• _REQUIRED ACTION_
Repeat the listing exactly. Any picture in it should be left out of the copy.
━━━━━ PROVIDED DATA ━━━━━
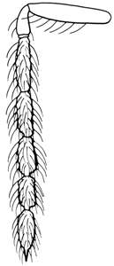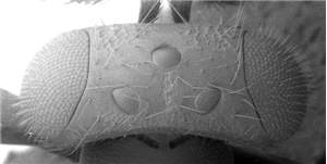 Vertex with engraved reticulation, posterior part with a median groove; mesoscutum with raised reticulation in female, midlobe of mesoscutum with engraved reticulation and sidelobes with raised reticulation in male; propodeal callus with 7-14 setae; coxae dark and metallic in both sexes; costal cell with a row of setae on ventral surface; petiole 2.6X as long as wide in female, 3.7X in male; first gastral tergite with posteromedian 1/3 reticulate; male scape white. Similar to albiscapus but with a row of setae on underside of costal cell.
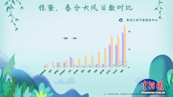 2016年至2025年惊蛰、春分节气大风日数对比示意图。黑龙江省气象局供图
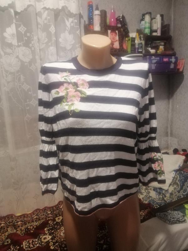 Красивый реглан в полоску с вышивкой на груди и рукаве.Рукава-снизу -фонариками на резинке.Покраяхрукавов и снизу розово-блестящая коемка.легкая и приятная к телу ткань . Состояние очень хорошее.Состав:53%вискоза;45%катон;1%полиамид;1%полиэстер.Размер указан 12(40) Замери:ПОГ-46,5см;ПОниза-46см; ПЛЕЧИ-37СМ;РУКАВ-45,5;ДЛИНА-52см.
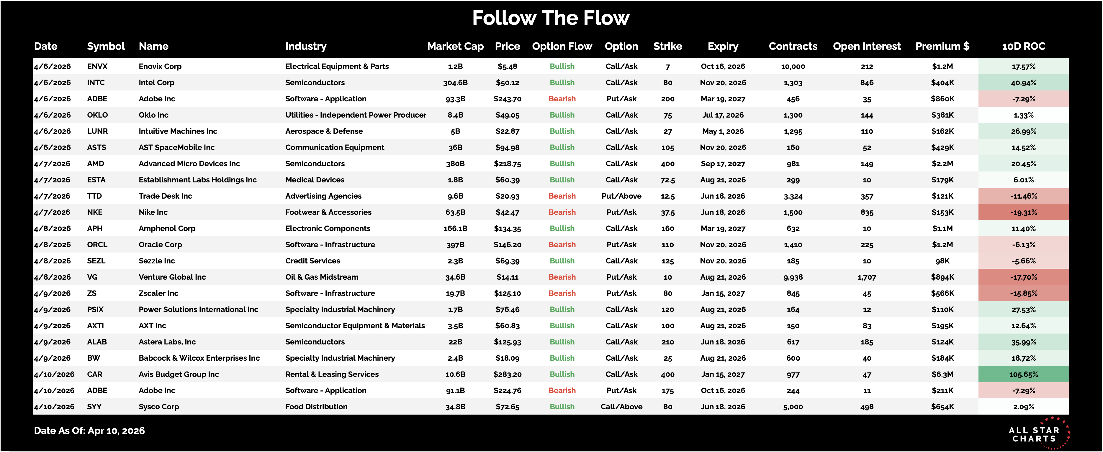 Members Only Follow the Flow The Satellite Trade Is On By Steve Strazza April 12, 2026 Every weekend I dig through the names that experienced the most interesting unusual options activity. We’re looking for trades that stood out, whether it was large in size or a very aggressive strike selection.This gives us a clean list to review and potentially add some names to our watchlists in preparation for the upcoming week.Here is the list of the most interesting Unusual Options activity from this past week: *Click to enlarge view You need to have a subscription to access this content in full. Log in or subscribe today to unlock new features and receive Member Benefits. Log in or Subscribe All Star Charts Premium Service Menu Service (ASC Premium) Trade Ideas Conference Calls Research Reports 2 to 100 Club Boomtown Commodities Weekly Currency Report Follow The Flow Freshly Squeezed Hall of Famers International Hall of Famers Junior Hall of Famers Junior International Hall of Famers Minor Leaguers Supercycle Report The Bond Report The Short Report Top Down Trade Of The Week Top Stocks Of The Month Under The Hood Young Aristocrats Saturday Morning Chartoons Contact More from All Star Charts Premium Sam Gatlin The Most Hated Stocks Are Going Vertical Short sellers are being forced to unwind their positions, and it's sparking massive short squeezes. April 16, 2026 Sam Gatlin Junior Hall of Famers April 16, 2026 Steve Strazza The Daily Flow Uranium Is Glowing, Biotech Is Breathing, and the Big Bank Is Back April 15, 2026 More from All Star Charts Premium ASC Mastermind Join Today The Strazza Letter Subscribe 2 to 100 Club Join Today
━━━━━
• _WRITTEN SOLUTION_
 Vertex with engraved reticulation, posterior part with a median groove; mesoscutum with raised reticulation in female, midlobe of mesoscutum with engraved reticulation and sidelobes with raised reticulation in male; propodeal callus with 7-14 setae; coxae dark and metallic in both sexes; costal cell with a row of setae on ventral surface; petiole 2.6X as long as wide in female, 3.7X in male; first gastral tergite with posteromedian 1/3 reticulate; male scape white. Similar to albiscapus but with a row of setae on underside of costal cell.
 2016年至2025年惊蛰、春分节气大风日数对比示意图。黑龙江省气象局供图
 Красивый реглан в полоску с вышивкой на груди и рукаве.Рукава-снизу -фонариками на резинке.Покраяхрукавов и снизу розово-блестящая коемка.легкая и приятная к телу ткань . Состояние очень хорошее.Состав:53%вискоза;45%катон;1%полиамид;1%полиэстер.Размер указан 12(40) Замери:ПОГ-46,5см;ПОниза-46см; ПЛЕЧИ-37СМ;РУКАВ-45,5;ДЛИНА-52см.
 Members Only Follow the Flow The Satellite Trade Is On By Steve Strazza April 12, 2026 Every weekend I dig through the names that experienced the most interesting unusual options activity. We’re looking for trades that stood out, whether it was large in size or a very aggressive strike selection.This gives us a clean list to review and potentially add some names to our watchlists in preparation for the upcoming week.Here is the list of the most interesting Unusual Options activity from this past week: *Click to enlarge view You need to have a subscription to access this content in full. Log in or subscribe today to unlock new features and receive Member Benefits. Log in or Subscribe All Star Charts Premium Service Menu Service (ASC Premium) Trade Ideas Conference Calls Research Reports 2 to 100 Club Boomtown Commodities Weekly Currency Report Follow The Flow Freshly Squeezed Hall of Famers International Hall of Famers Junior Hall of Famers Junior International Hall of Famers Minor Leaguers Supercycle Report The Bond Report The Short Report Top Down Trade Of The Week Top Stocks Of The Month Under The Hood Young Aristocrats Saturday Morning Chartoons Contact More from All Star Charts Premium Sam Gatlin The Most Hated Stocks Are Going Vertical Short sellers are being forced to unwind their positions, and it's sparking massive short squeezes. April 16, 2026 Sam Gatlin Junior Hall of Famers April 16, 2026 Steve Strazza The Daily Flow Uranium Is Glowing, Biotech Is Breathing, and the Big Bank Is Back April 15, 2026 More from All Star Charts Premium ASC Mastermind Join Today The Strazza Letter Subscribe 2 to 100 Club Join Today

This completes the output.